(Provided records)

------

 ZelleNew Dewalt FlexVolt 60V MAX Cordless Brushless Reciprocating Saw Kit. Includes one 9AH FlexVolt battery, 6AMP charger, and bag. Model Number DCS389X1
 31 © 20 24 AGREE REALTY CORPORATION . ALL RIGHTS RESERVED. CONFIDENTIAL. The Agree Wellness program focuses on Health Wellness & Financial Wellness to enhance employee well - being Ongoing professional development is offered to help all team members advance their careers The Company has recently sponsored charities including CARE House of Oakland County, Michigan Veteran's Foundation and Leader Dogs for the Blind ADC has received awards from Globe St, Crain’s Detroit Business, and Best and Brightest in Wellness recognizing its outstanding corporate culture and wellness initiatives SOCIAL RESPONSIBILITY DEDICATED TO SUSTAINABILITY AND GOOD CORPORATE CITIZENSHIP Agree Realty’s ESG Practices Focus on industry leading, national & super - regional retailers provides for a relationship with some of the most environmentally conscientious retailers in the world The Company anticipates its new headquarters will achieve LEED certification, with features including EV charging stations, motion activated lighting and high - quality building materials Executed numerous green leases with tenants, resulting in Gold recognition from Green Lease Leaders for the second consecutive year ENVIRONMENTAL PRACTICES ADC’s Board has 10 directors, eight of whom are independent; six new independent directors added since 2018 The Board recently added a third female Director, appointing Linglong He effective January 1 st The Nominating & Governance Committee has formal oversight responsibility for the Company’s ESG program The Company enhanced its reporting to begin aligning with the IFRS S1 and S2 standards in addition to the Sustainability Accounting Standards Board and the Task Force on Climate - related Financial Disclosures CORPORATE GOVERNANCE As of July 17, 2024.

------

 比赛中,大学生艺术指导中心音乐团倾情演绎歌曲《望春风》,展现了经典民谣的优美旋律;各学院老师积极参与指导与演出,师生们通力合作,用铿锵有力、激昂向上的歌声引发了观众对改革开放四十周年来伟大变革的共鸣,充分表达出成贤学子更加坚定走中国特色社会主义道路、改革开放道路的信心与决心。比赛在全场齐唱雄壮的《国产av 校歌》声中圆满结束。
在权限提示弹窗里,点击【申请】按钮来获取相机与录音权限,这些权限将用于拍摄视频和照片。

------

(Problem requirements)
Please reproduce exactly the lines in the listing above from the one containing "比赛中,大学生艺术指导中心音" through the one containing "在权限提示弹窗里,点击【申请", both included, and nothing more.

(Task result)
 比赛中,大学生艺术指导中心音乐团倾情演绎歌曲《望春风》,展现了经典民谣的优美旋律;各学院老师积极参与指导与演出,师生们通力合作,用铿锵有力、激昂向上的歌声引发了观众对改革开放四十周年来伟大变革的共鸣,充分表达出成贤学子更加坚定走中国特色社会主义道路、改革开放道路的信心与决心。比赛在全场齐唱雄壮的《国产av 校歌》声中圆满结束。
在权限提示弹窗里,点击【申请】按钮来获取相机与录音权限,这些权限将用于拍摄视频和照片。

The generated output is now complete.